Buy in the UK | Buy in Canada

In October 1940, London is a sleep-deprived city due to frequent air-raids. This story of events over just a few weeks is told by three alternating first person narrators, whose different perceptions are shaped by their age and circumstances.

West End prostitutes are being brutally assaulted and murdered. Yes, this is a historical serial killer novel of sorts, but please don't let that put you off. The main focus of the novel is less on violent death and gore than on the fears and worries of the characters, ranging from trivia to the truly terrifying.

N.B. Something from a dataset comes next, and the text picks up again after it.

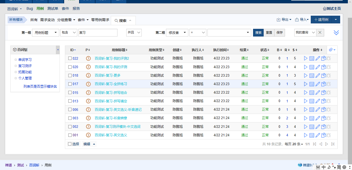 我的模块是复习测评模块,针对这一个模块依据测试结果分析如下:
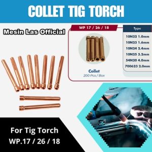 - Pemilihan Ukuran : Tersedia dalam berbagai ukuran, collet harus dipilih sesuai dengan diameter elektroda tungsten yang digunakan untuk memastikan penjepitan yang optimal dan mencegah elektroda terlepas atau terlalu longgar.

Jim is a fighter pilot, one of a group of very young men publicly glorified and glamorised as heroes. He has been fascinated and excited by planes since childhood, and when he first got to fly, felt incredibly powerful. Now, though, the possibility and even likelihood of death is a terrifying reality, as several of his colleagues fail to return from flying missions. He is looking for another kind of thrill in picking up women in central London's Soho, but it isn't sex he has in mind.

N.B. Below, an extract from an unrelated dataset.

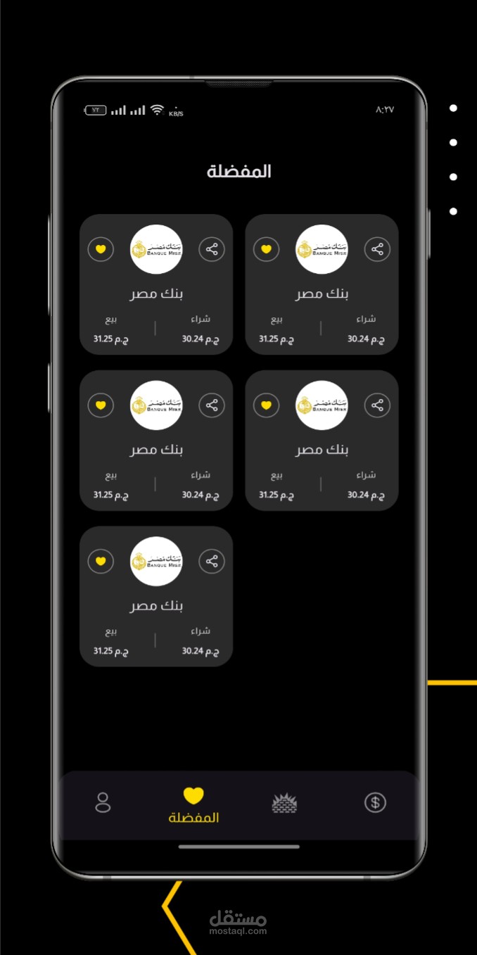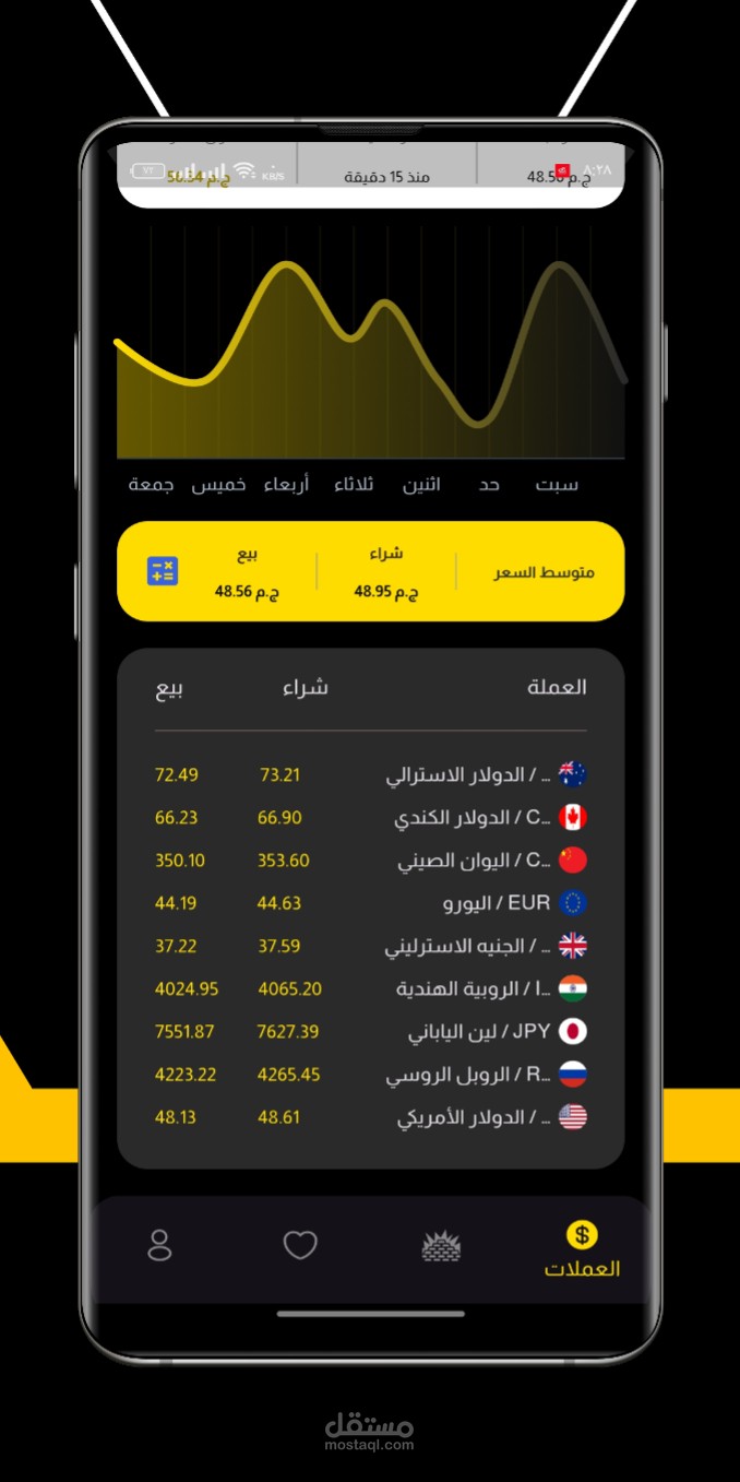 - يعرض التطبيق أسعار العملات المختلفة في البنوك المحلية والسوق السوداء.

Rene is a prostitute in the West End. She is scared of being caught in the air raids, and frightened by the brutal deaths of several of the women she knows in the same profession. How else, though, can she pay her rent and bills and give her sister money for her son's keep?

Lucy is a 21-year-old secretary, whose sleep and journey home from work are regularly interrupted by the air raids. Family life at home in Clapham is tense and Lucy has a lot to think about. Rene and Lucy both have the same type of coat, and some superficial resemblance in appearance, but of course they are totally different kinds of women, or are they? Both face worries about day-to-day work and family concerns, while carrying on their lives in the face of the bombs.

The plot of the story, such as it is, hinges on the characters seeing, encountering and finally meeting each other, as they all take refuge in the Soho Square air raid shelter. THE LOVER is not a whodunit as we know who is killing the women quite early on, and although there is some suspense, a few moments when I wanted to warn characters not to do things, for me this was not the most important aspect of THE LOVER either.

Many historical novelists spend far too much time describing streets, clothes and objects to remind the reader that the book she is reading is set in the past. THE LOVER works very well as an evocation of people reacting to a situation at the time when it was set, a historical novel about wartime states of mind not period detail. It is an edgy, unsettling, thought-provoking crime novel.